The British School of Paris (BSP) has provided a British education in Paris since 1954. It is an independent fee-paying school with around 600 pupils, representing well over 50 nationalities. The British School of Paris is the only UK government accredited school in France. The education programme is based on the National Curriculum for England and Wales and its Patron is the serving British Ambassador to France. The school is in the western suburbs of Paris in Croissy-sur-Seine.

History 
Founded by Mary J. Cosyn in 1954, the then 'English School Of Paris' (ESP) moved from its original Parisian address in that same year to the Château de Monte Cristo, Le Port-Marly, just west of Paris and the former home of writer Alexandre Dumas. In the early years most pupils were British, American and Canadian with many parents employed by the Supreme Headquarters of the Allied Powers in Europe (SHAPE). the ESP quickly became the school of choice for military and diplomatic personnel based in Paris.

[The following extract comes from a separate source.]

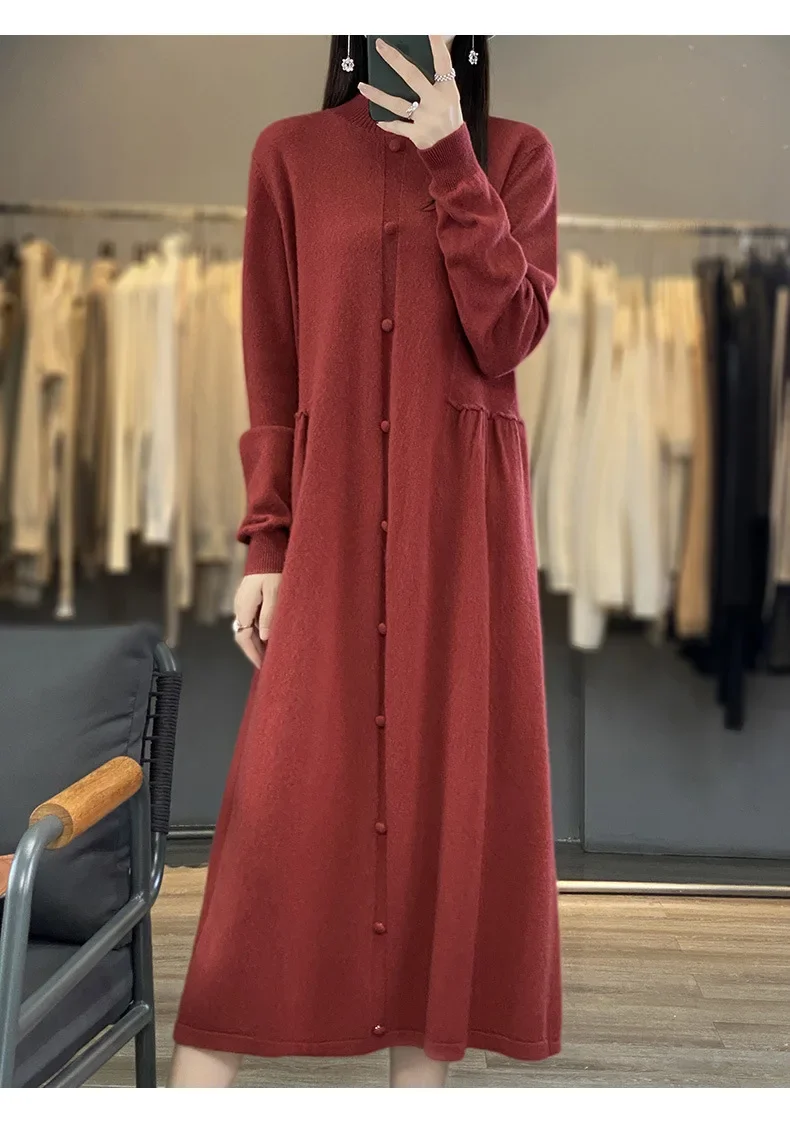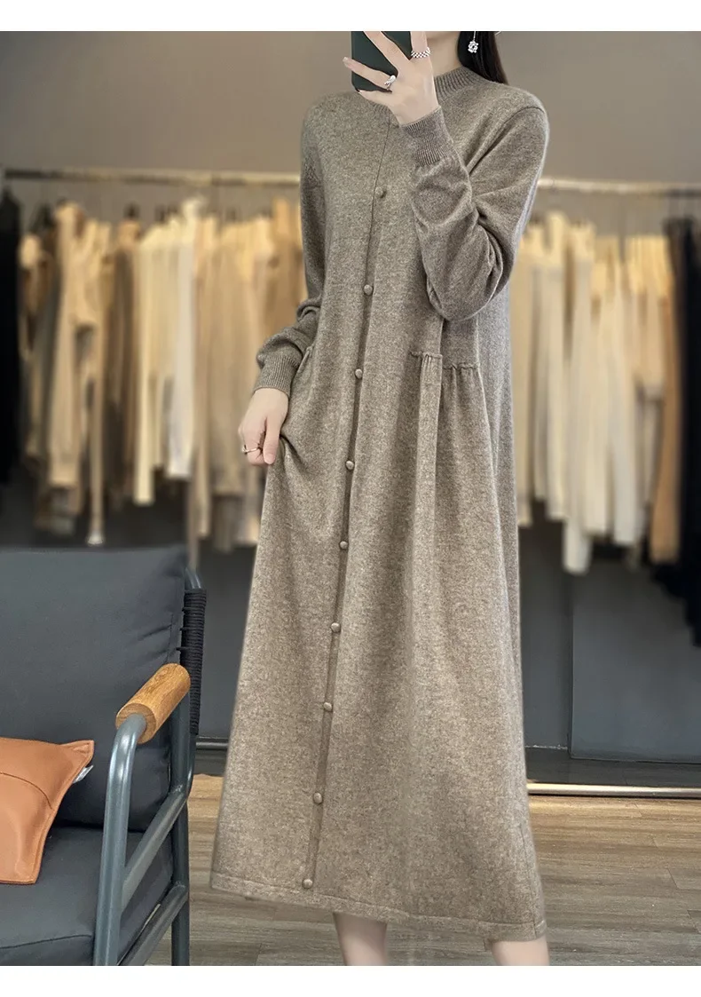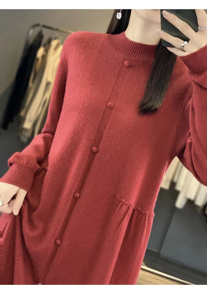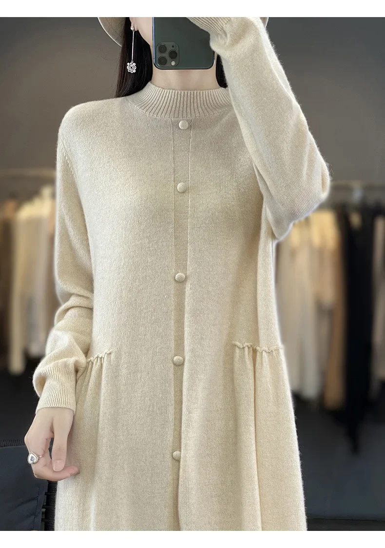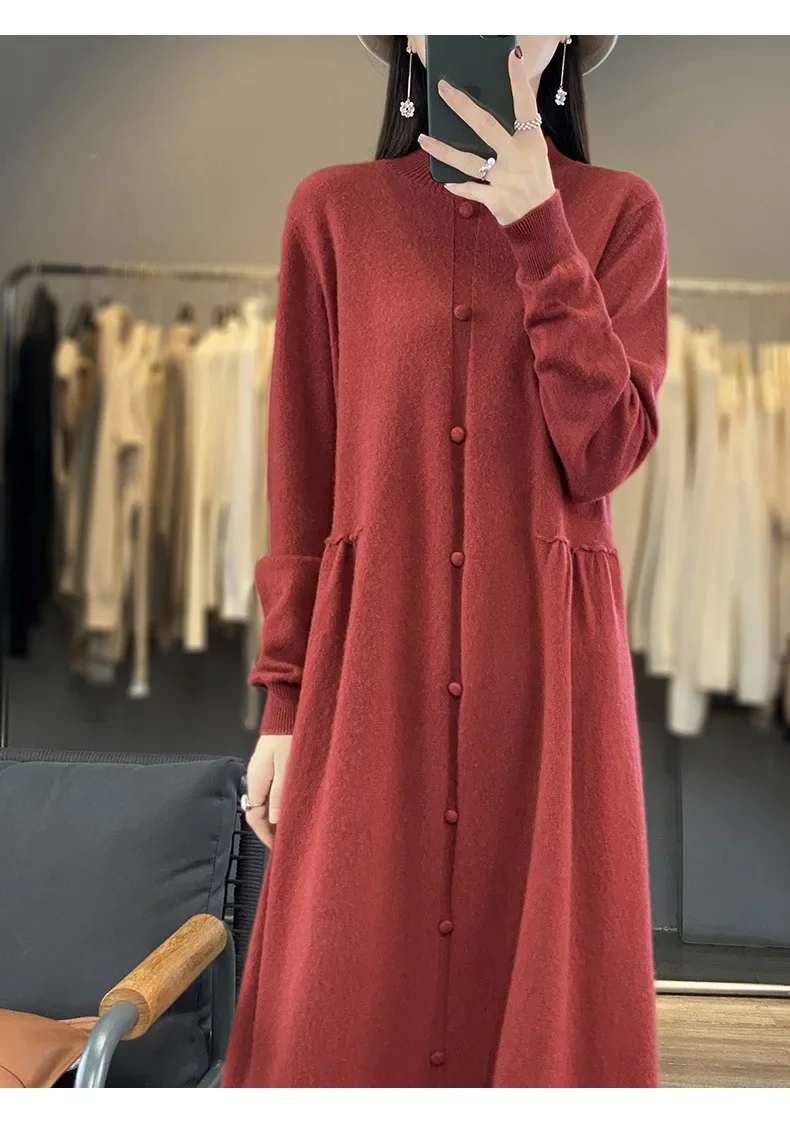 Fleepmart Autumn Winter Women’s Long Wool Dress Knee-Brushing Slimming Half-High Collar Pure Wool Base Skirt Fashionable Elegant

1954-57 Château de Monte Cristo

The school grew steadily, welcoming both day and boarding pupils. By 1957 a total of 130 pupils on roll prompted a whole school move to more spacious premises in Andrésy, a picturesque village some 13km from the Château de Monte Cristo in Le Port-Marly.

1958-1962 Andrésy

'Le Manoir' at Andrésy offered much more space and proved to be an ideal home for the school for a few years until numbers started to suffer badly largely thanks to the major withdrawal of military personnel from France in the early 1960s. As numbers dropped it also became apparent that the school's relative distance from Paris and high fees were contributing to the downturn; the school needed to find a more accessible location if it hoped to survive. A brief return to the Château de Monte Cristo followed but the future depended upon finding a permanent home.

1964 - Llesna Court, Croissy-sur-Seine

In 1964 the school's permanent home became Llesna Court, 38 quai de l'Ecluse, Croissy-sur-Seine and remains its base today. Slowly the school began to grow again and several new buildings around the grounds followed in due course.

By 1973 the school had acquired a second property in Bougival, specifically to house the Junior School.

By 1980 the school had been transferred from private ownership to become a 'not for profit association' under French law. A Board of Governors was appointed with responsibility for overseeing the running and development of the school and the British Ambassador to France was adopted as the school Patron. In 1981 the school was officially renamed as The British School of Paris and in 2010 a purpose-built Junior School next to the Senior School campus was opened.

Curriculum 
Both the Junior and Senior schools follow the National Curriculum for England and Wales starting with the Early Years Foundation Stage (EYFS) framework continuing to Key Stages 1–5. All Pupils are expected to study French until Year 11 (approximately aged 16). During Key Stage 4 pupils study for the General Certificate of Secondary Education (GCSE) award in a range of subjects. Students progressing into Key Stage 5 (Sixth Form) study for Advanced Level (A Level) examinations, usually three or four subjects.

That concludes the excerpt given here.